DENVER – It was far from the start Michigan was looking for. But it was pretty familiar.

The Wolverines fell behind 2-0 to Notre Dame in the Frozen Four semifinal tonight less than six minutes into the game. It was the exact same situation Michigan found itself in when the faced Notre Dame at Yost Ice Arena on Jan. 18. That night, the Wolverines came back to win 3-2 in the final minute.

The Wolverines gave themselves a tougher task tonight, falling behind 3-0 in the first period. After fighting all the way back, Michigan found itself down 4-3 with just over five minutes left. Then freshman Carl Hagelin scored the equalizer and put the game in to overtime.

But Notre Dame got the lucky bounce in overtime. Calle Ridderwall put a rebound past Bryan Hogan just over five minutes into the extra period.

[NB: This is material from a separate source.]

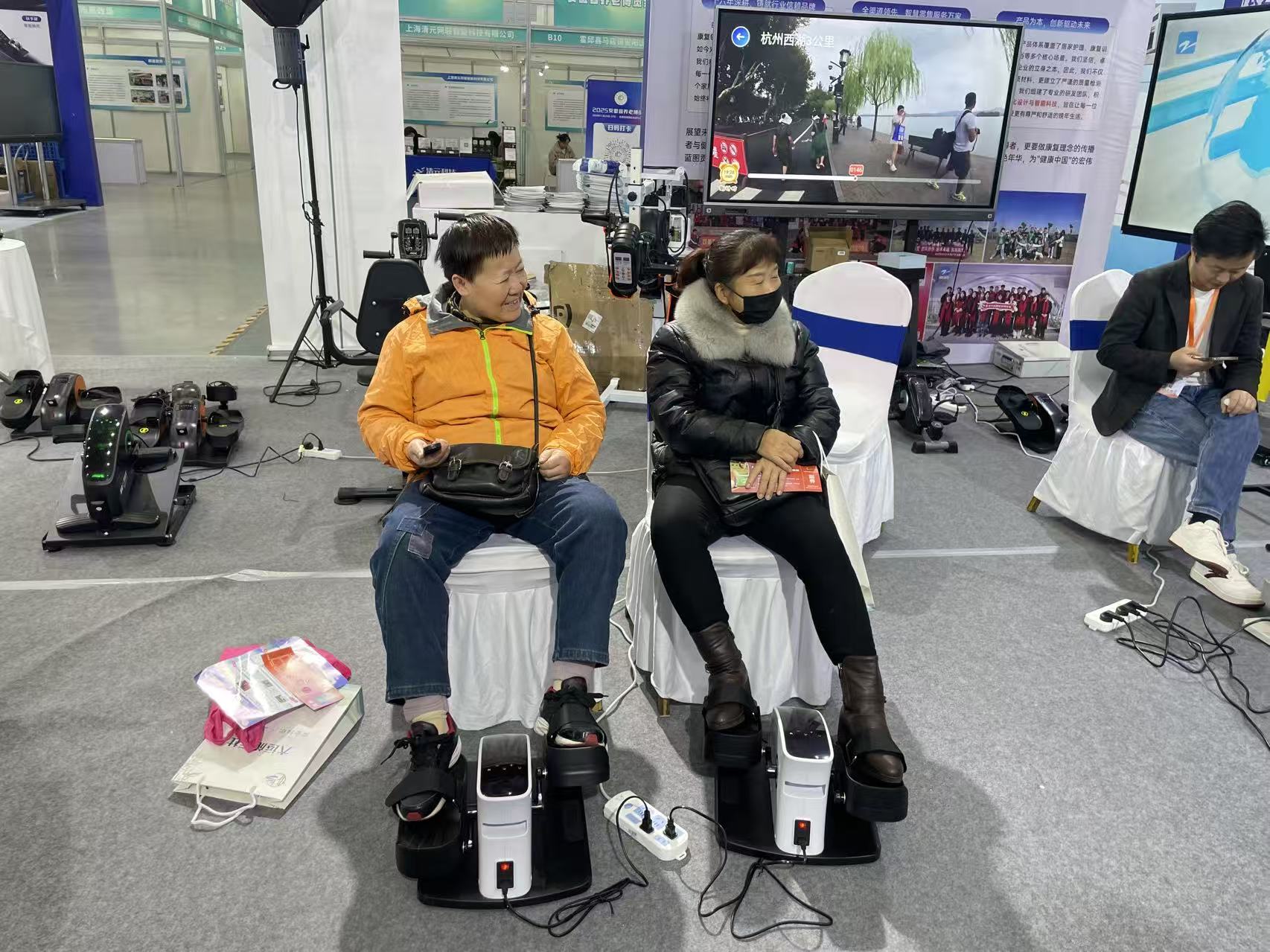 浙匠科技有限公司展厅内,刘女士和朋友脚穿健步仪现场体验这款产品。“除了您关注的健步仪,我们还带来了多款居家康复器,覆盖不同年龄段、不同需求的老年群体,适配居家康养场景,助力老年人日常康复训练。”销售人员史女士向她们介绍道。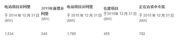 集團主要在中國發展及營運多間太陽能發電站。截至2015年12月31日止年度,太陽能發電按年增加67.2%至1,016,312兆瓦時。增長主要是由于已并網并投入運營的太陽能發電項目的數量增加。截至2015年12月31日,集團的太陽能發電站已成功達到年設計裝機容量1,780兆瓦。

Just like that the Fighting Irish were moving on and Michigan was heading home.

Notre Dame’s first period goals were hauntingly familiar to the ones Michigan goalie Billy Sauer allowed too often in his first two seasons.

The Fighting Irish opened the scoring five minutes into the game when Calle Ridderwall turned an innocent looking 2-on-2 into a scoring chance with a move around defenseman Tristin Llewellyn. Once in the clear, Ridderwall’s wrister easily beat Sauer glove side.

It got worse for Michigan just 42 seconds later. Notre Dame captain Mark Van Guilder’s simple wrist shot from the left circle beat Sauer on the glove side again.

With less than a minute left in the first period, the Fighting Irish got that three-goal lead they never had in January.

During a Michigan power play, Ryan Thang took the puck up the ice 2-on-2. After swinging around the Michigan defenseman, Thang put a spectacular backhander past Sauer – this time on the stick side.

With a 3-0 lead going into the first intermission things didn’t look good for Michigan.

But the changes started before the puck dropped in the second period. Michigan coach Red Berenson pulled Sauer and put in freshman Bryan Hogan. The tide didn’t turn right away, but turn it did soon enough.

Michigan finally got on the board 8:48 into the second period. Kevin Porter skated into the Notre Dame zone on the left wing and found Chad Kolarik in the high slot, who fired a wrister over Jordan Pearce’s glove.

The momentum was starting to swing in Michigan’s favor. It went fully into the Wolverines’ corner 15 seconds later.

Aaron Palushaj found Matt Rust crashing to the net. Rust whiffed on his first shot but stayed with the play just long enough to tuck the puck inside the post.

Just like that, Michigan had life.

Notre Dame kept its one-goal lead for the remainder of the second period. But the Fighting Irish hadn’t seen the full brunt of Michigan’s offense.

Notre Dame took a too many men penalty 34 seconds into the third period. Michigan made them pay.

Max Pacioretty clanged a shot from the slot off the post, but Kolarik put the carom behind Pearce to tie the game just before the power play ended. With the score tied, Michigan could taste the comeback.

And while the Wolverines did eventually tie the score, the Irish had just enough left in them to get the game-winner in overtime.